2.1.1. Uit de stukken en het verhandelde ter zitting is gebleken dat, anders dan de rechtbank heeft overwogen, met betrekking tot [locatie 2] slechts sprake is geweest van een tweetal vooraankondigingen van handhavend optreden. Dit behoeft echter niet tot vernietiging van de aangevallen uitspraak te leiden. Op [locatie 2] zijn, gelijk aan het in het onderhavige geding van belang zijnde pand, in afwijking van de verleende bouwvergunning hoogglansdakpannen als dakbedekking gebruikt. Appellant heeft in het geval [locatie 2] doelbewust het aanvankelijke standpunt gewijzigd en afgezien van handhavend optreden. Gelet op het voorgaande had het derhalve op de weg van appellant gelegen deugdelijk te motiveren waarom beide gevallen, in tegenstelling tot hetgeen [wederpartij] reeds in bezwaar heeft betoogd, niet in relevante mate vergelijkbaar zijn. Appellant heeft in zijn beslissing op bezwaar, door overneming van de gronden van de uitspraak van de voorzieningenrechter van 8 december 2004, slechts gesteld dat bij [locatie 2] sprake is van een in een individueel geval gemaakte kennelijke vergissing. Dit kan echter niet als een deugdelijke motivering worden beschouwd nu gelet op de gang van zaken van een kennelijke vergissing geen sprake is geweest. De rechtbank heeft dan ook terecht geoordeeld dat de beslissing op bezwaar onvoldoende is gemotiveerd en derhalve is genomen in strijd met het bepaalde in artikel 7:12, eerste lid, van de Algemene wet bestuursrecht.

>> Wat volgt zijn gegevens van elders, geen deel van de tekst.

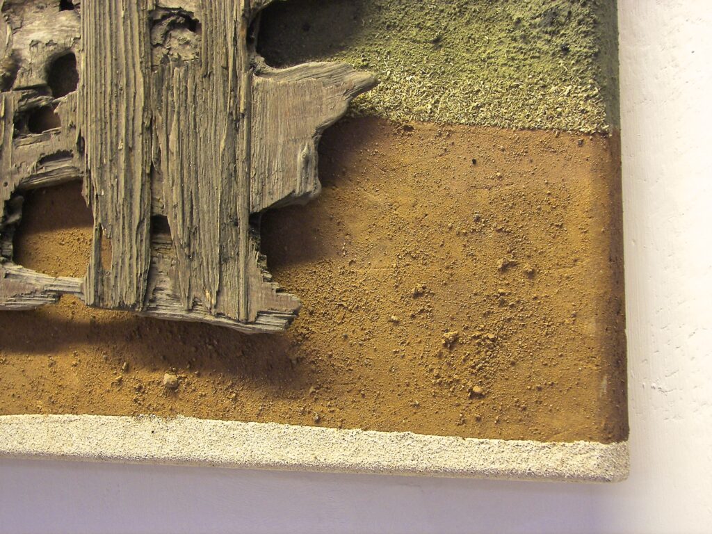 natural pigments, dried moss, on OSB
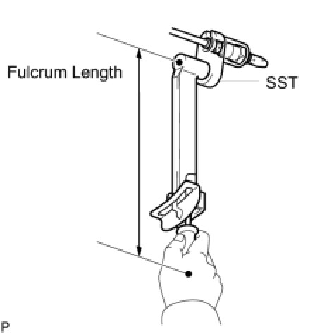 * Use a torque wrench with a fulcrum length of 300 mm (11.8 in.). If using a torque wrench with a length that is not 300 mm (11.8 in.), calculate the torque specification for the torque wrench and SST based on the "without SST" torque specification Service Precautions.
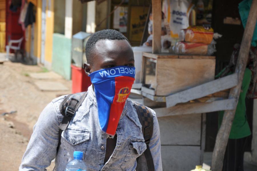 A man covers his nose with a piece of cloth in Kampala, capital of Uganda, March 23, 2020. (Xinhua/Joseph Kiggundu)
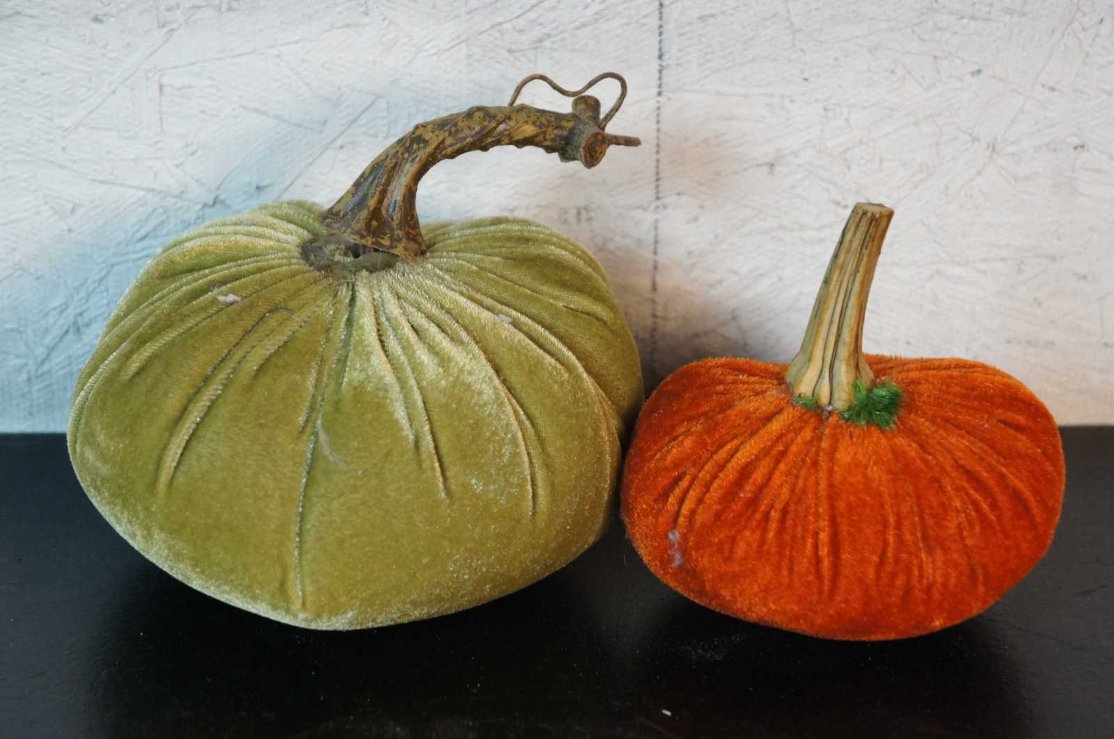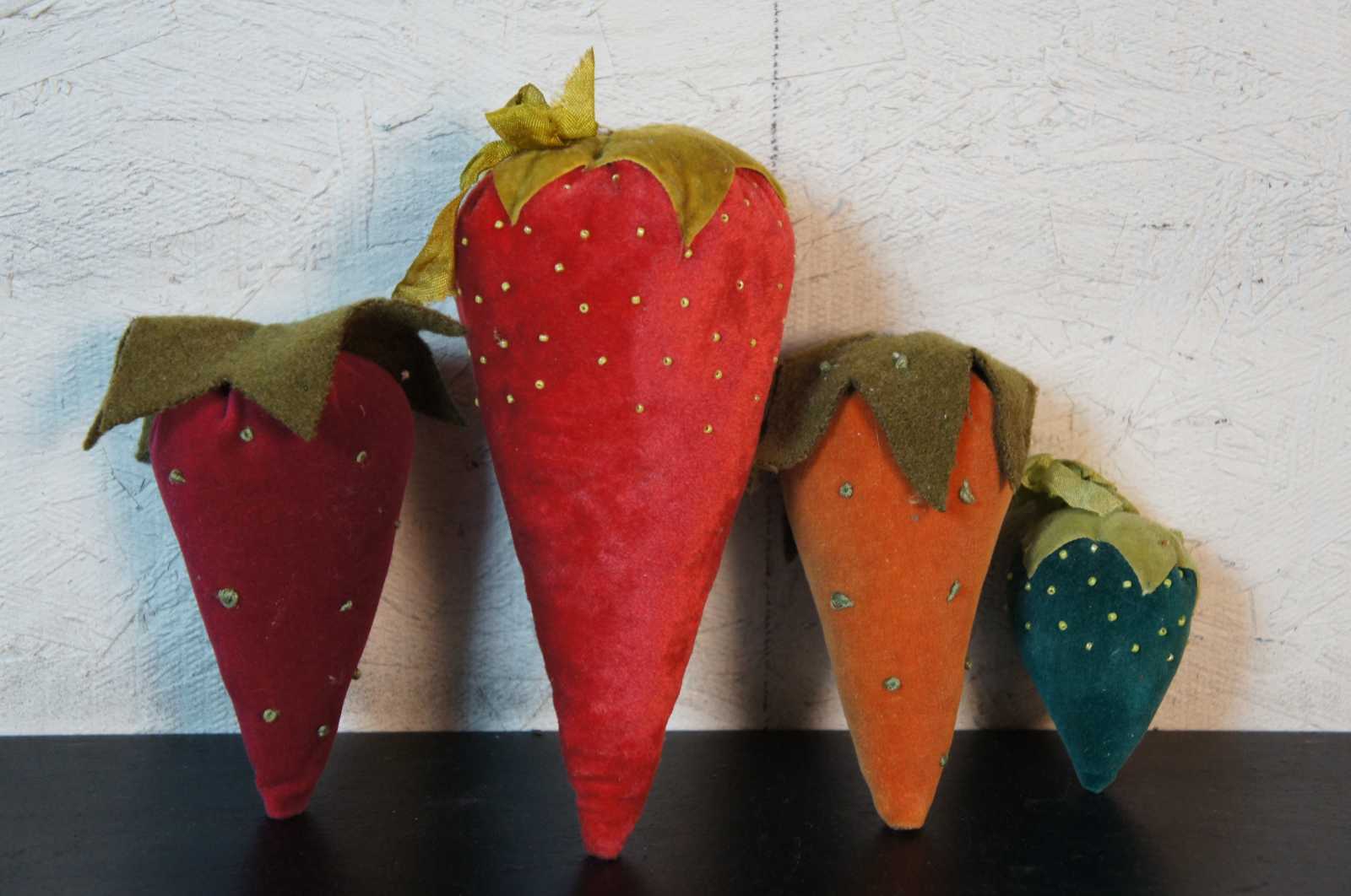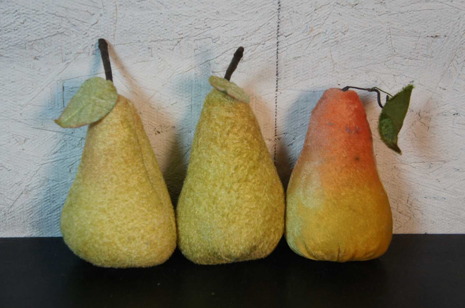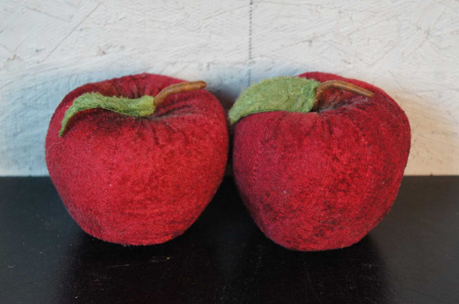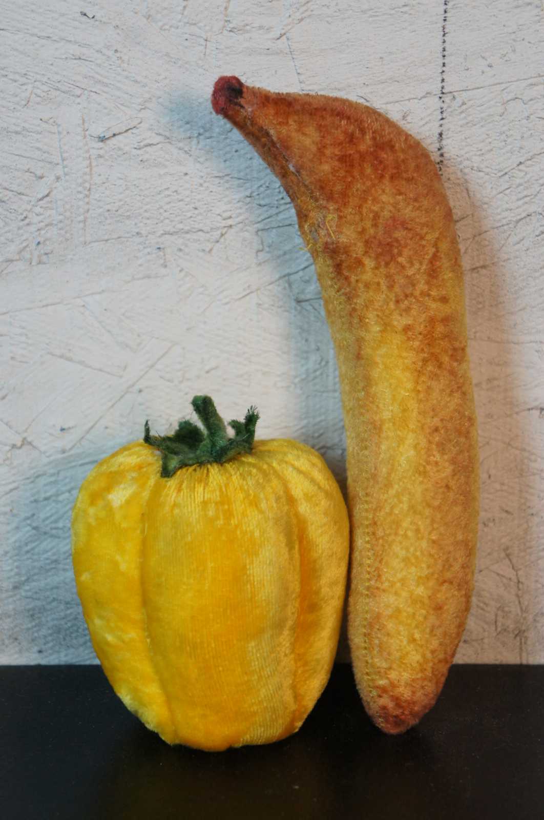 Lot of 20 pieces of velvet stuffed fruit and vegetables, including eggplant, strawberries, pears, apples, pumpkins, tomatoes, peaches/oranges, bell pepper and banana.

Het betoog van appellant in hoger beroep dat, anders dan in het onderhavige geval, het geval [locatie 2] aan de orde was voordat het huidige strengere beleid was vastgesteld kan, wat daarvan ook zij, aan het voorgaande niet afdoen. Indien appellant meent dat hierdoor geen sprake is van rechtens vergelijkbare gevallen, had hij dit reeds ten grondslag dienen te leggen aan zijn beslissing op bezwaar.
2.2. Het hoger beroep is ongegrond. De aangevallen uitspraak dient, met een geringe verbetering van de gronden, waarop deze berust, te worden bevestigd.

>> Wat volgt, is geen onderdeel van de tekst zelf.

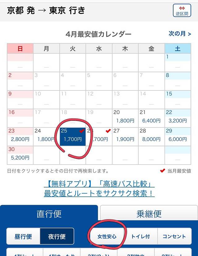 接着你可以看到不同日期的价格,下面有个“女性安心”适合独自出行的女性是只有女性的车厢,可以按需要勾选。(不过我本来想选择这个但是后来没订上实际乘坐的时候发现其实没必要太担心车上人都坐不满,安全问题不用担心的,但不排除意外情况哈)
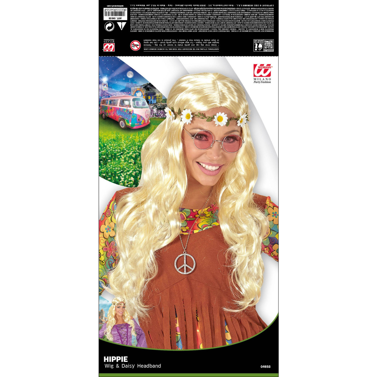 Karnevalová hippie paruka je výraznou volbou pro milovníky hippie stylu a bohémské atmosféry. V blond provedení s dlouhými vlnitými vlasy sahajícími až na prsa a čelenkou s kopretinami tvoří dokonalou kombinaci pro proměnu v autentickou hippie dámu. Tato paruka v sobě nese ducha 60. a 70. let a umožní vám vyjádřit vlastní kreativitu i užít si atmosféru tohoto zlatého období.
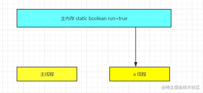 1.初始状态,a线程刚开始从主内存读取了run的值到工作内存。
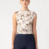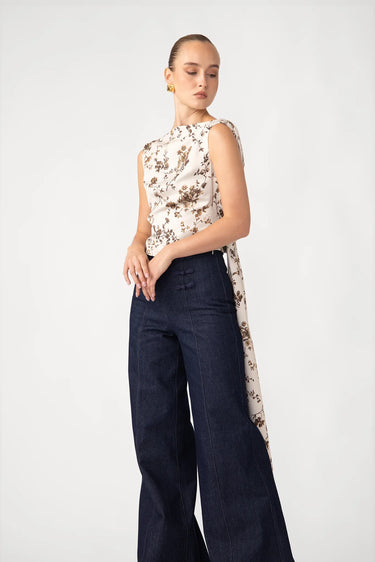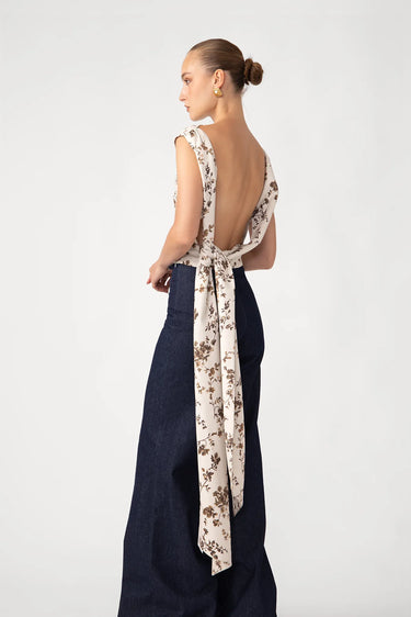 The Callie Top is crafted from crepe and features an open back that drapes elegantly with handsewn common-knotted ties. The close fit and clean lines create a sleek shape, adding a nice contrast to the vintage cream floral print.
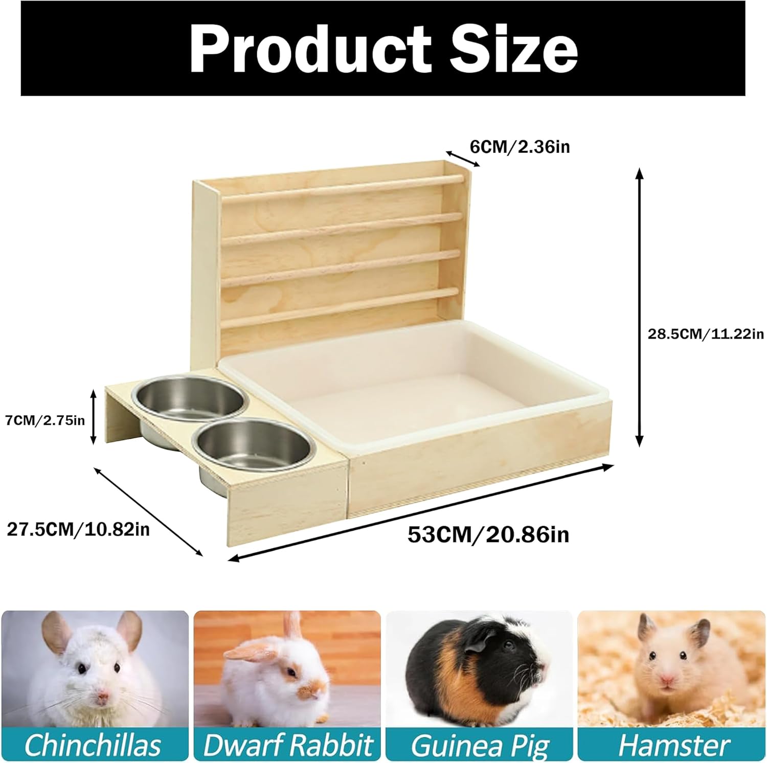 Keeps Food and Hay Clean: The unique three-dimensional design of this guinea pig litter box and hay feeder prevents hay from being trampled or soiled, while the deep iron bowls ensure food stays clean and fresh, reducing waste and promoting healthier feeding habits for your pet.

2.3. Appellant dient op na te melden wijze in de proceskosten te worden veroordeeld.
De Afdeling bestuursrechtspraak van de Raad van State
Recht doende in naam der Koningin:
I. bevestigt de aangevallen uitspraak;
II. veroordeelt het college van burgemeester en wethouders van Ooststellingwerf tot vergoeding van bij [wederpartij] in verband met de behandeling van het hoger beroep opgekomen proceskosten tot een bedrag van € 644,00 (zegge: zeshonderdvierenveertig euro), geheel toe te rekenen aan door een derde beroepsmatig verleende rechtsbijstand; het dient door het college van burgemeester en wethouders van Ooststellingwerf aan [wederpartij] onder vermelding van het zaaknummer te worden betaald.
Aldus vastgesteld door mr. W. van den Brink, Lid van de enkelvoudige kamer, in tegenwoordigheid van mr. P. Lodder, ambtenaar van Staat.